Anarchy: Crowley’s “do as thou wilt.”
Study: Cass describes this as “Find all the truths” and conveniently lines up with Robert Graves. As if finding all the truths would actually be possible.
Fight: Includes finding out things but only where relevant.
Manipulate: Technically playing all of these off against each other instead of allowing them to act in concert.
I tentatively think we can map them onto the Strauss–Howe model:
Prophet/Manipulate
Nomad/Study
Hero/Fight
Artist/Anarchy
However the Maiden/Mother/Crone model lacks a generation, and Persephone seems to sit strangely. Anarchy was her choice but it is not quite representative of Persephone’s stated role of Mother. Perhaps because the proposed fight was not the right one? As The Destroyer she was fighting. We know she occasionally gets to fight back against Ananke over the course of history. Maybe she is still on the cusp? Indeed Persephone as a mythic archetype is always on this cusp. She is forever defined by the moment of her abduction. She brings the secret of life and death. She is a transitional deity.

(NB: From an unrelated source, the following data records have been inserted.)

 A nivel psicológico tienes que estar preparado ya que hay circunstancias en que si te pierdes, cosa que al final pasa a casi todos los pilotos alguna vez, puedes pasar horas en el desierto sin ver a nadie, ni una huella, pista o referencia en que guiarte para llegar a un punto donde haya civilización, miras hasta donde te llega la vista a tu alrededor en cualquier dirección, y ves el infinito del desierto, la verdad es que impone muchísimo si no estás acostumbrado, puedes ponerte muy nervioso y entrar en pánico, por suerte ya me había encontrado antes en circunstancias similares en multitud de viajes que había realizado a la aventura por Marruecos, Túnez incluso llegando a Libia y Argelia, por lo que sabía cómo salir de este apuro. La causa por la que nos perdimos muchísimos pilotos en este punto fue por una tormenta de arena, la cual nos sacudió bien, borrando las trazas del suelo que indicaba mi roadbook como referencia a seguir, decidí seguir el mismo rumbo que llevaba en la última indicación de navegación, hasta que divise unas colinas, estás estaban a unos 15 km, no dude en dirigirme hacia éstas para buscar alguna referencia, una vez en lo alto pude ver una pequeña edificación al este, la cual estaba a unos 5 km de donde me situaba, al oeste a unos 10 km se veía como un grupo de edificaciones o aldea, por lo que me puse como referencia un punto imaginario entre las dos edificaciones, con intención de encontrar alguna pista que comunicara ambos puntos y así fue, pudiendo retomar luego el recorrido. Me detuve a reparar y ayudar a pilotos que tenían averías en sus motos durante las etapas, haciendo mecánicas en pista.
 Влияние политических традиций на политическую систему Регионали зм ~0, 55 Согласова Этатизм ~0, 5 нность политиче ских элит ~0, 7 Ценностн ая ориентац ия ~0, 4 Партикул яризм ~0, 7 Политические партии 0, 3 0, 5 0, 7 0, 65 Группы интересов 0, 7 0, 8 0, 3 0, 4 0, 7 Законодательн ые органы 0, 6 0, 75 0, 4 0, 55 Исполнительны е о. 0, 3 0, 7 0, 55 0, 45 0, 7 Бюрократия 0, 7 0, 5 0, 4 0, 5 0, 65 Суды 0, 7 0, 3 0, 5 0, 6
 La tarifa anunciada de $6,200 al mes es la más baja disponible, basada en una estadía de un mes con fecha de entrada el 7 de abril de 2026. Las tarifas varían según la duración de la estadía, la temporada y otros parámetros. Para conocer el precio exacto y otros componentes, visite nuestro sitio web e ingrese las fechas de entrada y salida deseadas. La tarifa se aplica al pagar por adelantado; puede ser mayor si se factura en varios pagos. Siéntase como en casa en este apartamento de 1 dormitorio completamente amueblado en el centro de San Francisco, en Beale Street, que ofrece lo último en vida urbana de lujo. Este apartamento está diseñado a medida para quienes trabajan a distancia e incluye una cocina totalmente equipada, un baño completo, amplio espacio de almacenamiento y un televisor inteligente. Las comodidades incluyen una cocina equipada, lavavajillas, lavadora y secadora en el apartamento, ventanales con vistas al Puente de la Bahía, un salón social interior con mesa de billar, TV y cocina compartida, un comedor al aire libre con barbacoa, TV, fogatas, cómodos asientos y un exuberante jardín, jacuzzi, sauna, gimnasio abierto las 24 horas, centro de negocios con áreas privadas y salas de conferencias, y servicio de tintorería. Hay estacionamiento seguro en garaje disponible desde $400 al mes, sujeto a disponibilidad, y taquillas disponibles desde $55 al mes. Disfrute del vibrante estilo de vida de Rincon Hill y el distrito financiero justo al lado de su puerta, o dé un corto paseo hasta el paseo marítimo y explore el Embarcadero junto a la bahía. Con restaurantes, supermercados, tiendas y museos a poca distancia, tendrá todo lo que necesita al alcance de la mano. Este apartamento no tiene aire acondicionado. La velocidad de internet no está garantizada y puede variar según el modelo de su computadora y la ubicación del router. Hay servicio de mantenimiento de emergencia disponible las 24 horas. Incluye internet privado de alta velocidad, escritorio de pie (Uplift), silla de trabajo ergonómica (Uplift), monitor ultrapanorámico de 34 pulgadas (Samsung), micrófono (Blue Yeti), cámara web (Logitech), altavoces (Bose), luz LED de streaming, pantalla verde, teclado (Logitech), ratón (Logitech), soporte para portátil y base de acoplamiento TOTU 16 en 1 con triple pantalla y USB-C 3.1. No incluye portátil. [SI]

Demeter is the missing piece of the puzzle. Demeter breaks the MMC model open and exposes it as wrong. She is the mother of the maiden become nubile. Persephone/Demeter/Hekate always missed the obvious. Before her abduction Persephone is just called Girl. Girl is the Maid not Persephone. Persephone is the cusp between childhood and adulthood. Persephone is Nubile but she isn’t Mother. This brief cusp is what the modern world would call the young adult or teenager. This was but a moment in much of history but the modern world has turned it into something much longer.
The rules in Wikdiv were made when there were only three roles, but the myth of Persephone was an innovation that occurred during ancient history and that role has only expanded since.
In Wikdiv terms, the Eleusinian Mysteries (Persephone myth cycle) are generally considered to have been created somewhere on the page of #36 that starts in 1657BC in North America and ends in Hattusa in 1197BC. Perhaps around this period Persephone created them and turned her single role into a potential two. But this new cuspid role only really became an actual role in modern times. Leaving us with:
Prophet/Manipulate/Crone/Baby Boomers/Ananke
Nomad/Study/Mother/Persephone
Hero/Fight/Teenager-Young Adult/Millennials/Persephone
Artist/Anarchy/Maiden/Post-Millennials/Minerva
Suddenly the contest is even for the first time in history. Persephone gets to be Mother and Nubile. Persephone choosing anarchy could be a potential winning move, encroaching upon the only remaining battlefront now that Ananke is dead. A battle for the future. A battle to break the cycle and claim the youth.